Palmitoylation of G Proteins. Striatal membranes were prepared as in the GTPS binding assay. The final reaction volume was 250 µl containing 200 µg of membrane proteins, 800 µCi/ml 9,10-[³H]palmitate, 1 mM MgCl₂, and 50 nM Gpp(NH)p. The reaction was carried out at 30°C for 15 min in the absence or presence of agonists, terminated by adding 750 µl of ice-cold Krebs-Ringer buffer containing 1 mM EGTA, and immediately centrifuged at 16,000g for 5 min. The pellets were solubilized in 1 ml of immunoprecipitation buffer containing 100 mM Tris-HCl, pH 7.4, 1.25% (v/v) Nonidet P-40, 200 mM NaCl, 20 mM MgCl₂, 10 mM EDTA, and 0.2% SDS by brief sonication. The specific G proteins in solubilized membrane were immunoprecipitated by incubation with antisera raised against specific G proteins. The immunoprecipitates were washed and suspended in immunoprecipitation buffer. The radioactivity in the suspension was measured by liquid scintillation spectrometry. The radioactivity precipitated by normal rabbit serum was considered background and subtracted from all agonist-stimulated values.

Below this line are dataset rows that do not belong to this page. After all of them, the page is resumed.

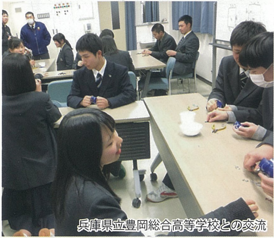
兵庫県立豊岡総合高等学校との交流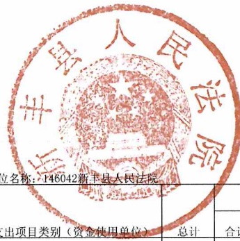
2018年部门预算项目支出预算表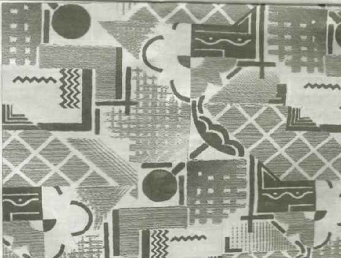
Vellut de fabricació catalana, ca. 1931.

Radioligand Binding Studies. The ligand binding assays for D₁ and D₂ dopamine receptors were performed as described previously (Billard et al., 1984; Kohler et al., 1985). Briefly, striatal tissue was homogenized with Teflon glass homogenizer in 20 volumes of ice-cold buffer containing 50 mM Tris-HCl, pH 7.4, 2 mM EGTA, and 10% sucrose. The homogenate was centrifuged for 5 min at 800g, and the supernatant was centrifuged for 20 min at 49,000g. The pellet was washed twice and suspended in 50 mM Tris-HCl buffer, pH 7.4. Reaction mixtures containing 50 mM Tris-HCl buffer, pH 7.4, 120 mM NaCl, 5 mM KCl, 2 mM CaCl₂, 1 mM MgCl₂, and [³H]SCH23390 (0.1-6.4 nM) or [³H]raclopride (0.25-16 nM), in a total volume of 250 µl were incubated at 37°C for 30 min and terminated by vacuum filtration through Whatman GF/B filters (Whatman, Clifton, NJ) followed by three washes with 4 ml of cold 50 mM Tris-HCl buffer, pH 7.4. Nonspecific binding was defined as binding in the presence of 10 µM cis-flupenthixol for D₁ dopamine receptor binding or 1 µM haloperidol for D₂ dopamine receptor binding. In addition, 10 µM of mesulergine was added into the D₁ dopamine receptor binding assay to prevent binding of SCH23390 to serotonin receptors. The receptor densities and affinities were calculated by Scatchard analysis. To determine receptor agonist affinities, the competition of [³H]SCH23390 or [³H]raclopride binding was carried out in the presence of 0.01 to 100 µM dopamine. The dopamine-mediated competition curve was fitted, and the percentage of high- and low-affinity binding sites was calculated according to a two-site binding model (Munson and Rodbard, 1980).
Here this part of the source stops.